Tuesday rolls around, and I arrive about 10 minutes early for my appointment because I know there will be paperwork to fill out. Casual observation of the waiting room and reception desk yield the following:
- There are at least 3 signs posted – all capital letters, Times New Roman, centered text, oh my please, someone introduce these poor people to Microsoft Publisher, because this is Word Abuse!! – proclaiming that if you miss your appointment and do not call, there will be a $50 charge.

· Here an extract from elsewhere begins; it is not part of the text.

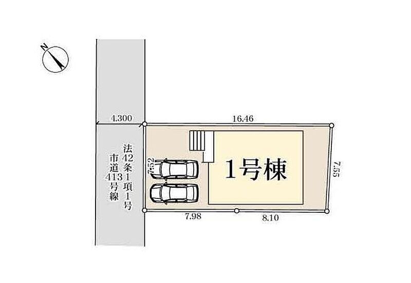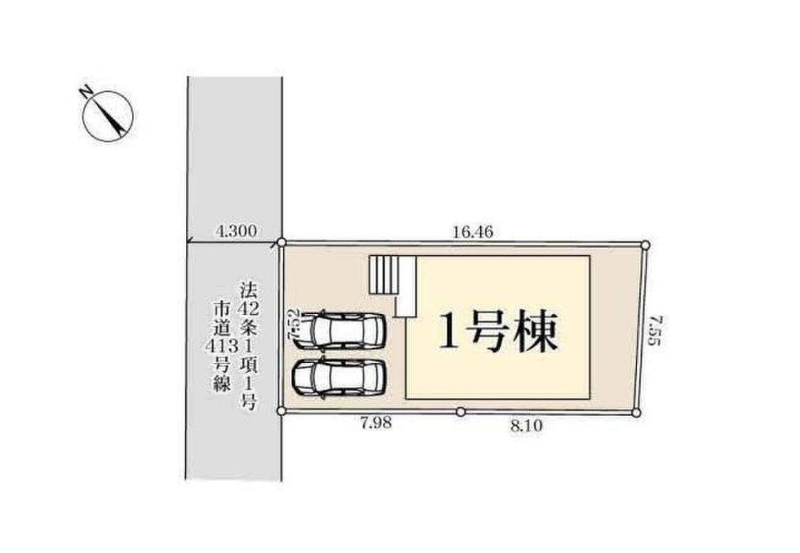 | 駐車場 | 2台 | 道路の幅員 | 道路幅:4.3m、アスファルト舗装、北西 4.3m 公道 |

All I can think is, I’m not sure these signs are reaching your target audience…
- There is another sign posted by the reception desk proclaiming that if you are paying for your appointments yourself, the first visit is $150, each subsequent visit is $75. Apparently this comes up a lot as they had to open up Microsoft Word and create a sign about it.

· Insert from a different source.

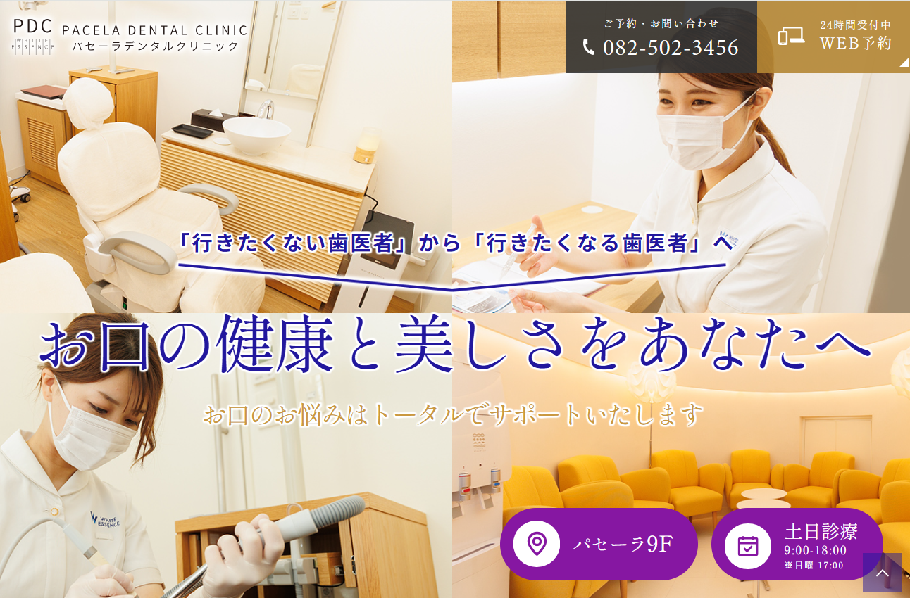 パセーラデンタルクリニックは基町クレド「パセーラ」9Fにあり、土日も診療のホワイトエッセンス加盟院。審美・予防まで口元の美しさをトータルにサポートします。

- The reception desk was even messier than mine gets when I’ve been out of the office for 30 minutes and the mail has arrived in my absence. (Sharon, I’m sure you know exactly what I mean!)
- During the 40 minutes I had to wait for them to create my file, I noticed that every single other patient that passed through that office shared a common trait – one that I do not possess…Now do not misunderstand me, I could care less if every other patient was an alien from outer space so long as the doctor is good, but I must admit I found it a little disconcerting once I noticed, mainly because I wondered what everyone else was thinking about me being there.
I finally go back to see the doctor…First the P.A. comes in to get my story. I was very surprised that she did not take my height and weight. I once went to Patient First to have my shoulder x-rayed after dislocating it, and they measured my height and weight…So for this to be my first visit to the office, it seemed like a pretty basic thing to skip. I didn’t really want to get on the scale, though, so they got no arguments from me!
While I’m waiting for the doctor, I read the college and medical degrees on the wall…NYU, U of M (that’s MARYLAND, not Michigan), University of Liberia…Wow, this lady really gets around!
Ok, so excrutiatingly long story even longer, the doctor comes in, talks to me for 5 minutes, declares that I have allergies, writes me a prescription for Flonase, and sends me on my way. HUH? I’m 36 years old, and have never been diagnosed with allergies. What, praytell, am I allergic to? Must be something pretty good to keep me sick off and on (more on than off) since November…like, maybe oxygen? And what about the fever I had on Saturday? Did I make that up so that I could score a ‘scrip for the *good* stuff? Yes, you figured me out, doctor, I want you to think I have a sinus infection so I can sell my amoxicillin on ebay.
Oh, and I almost forgot…they make you pay for your visit, whether that be your insurance copay or in full, *before* they even take you back to the exam room. Is that in case you die on the table, they’ve already got your $10?
Are there any *good* doctors out there that actually listen to their patients? I’ve been misdiagnosed so many times (no, Dr. G., that rash on my left arm when I was 14 was *not* an STD…I wasn’t just denying it because my mother was in the room!) that I wonder why I continue to bother. Is it too much to ask that a doctor actually explain to you *why* they reach the conclusions that they do? There was supposed to be a point to this rant, but it’s almost 1am and I’ve forgotten what it is in my allergy-induced fog…I hope everyone else has better doctor-luck than I do!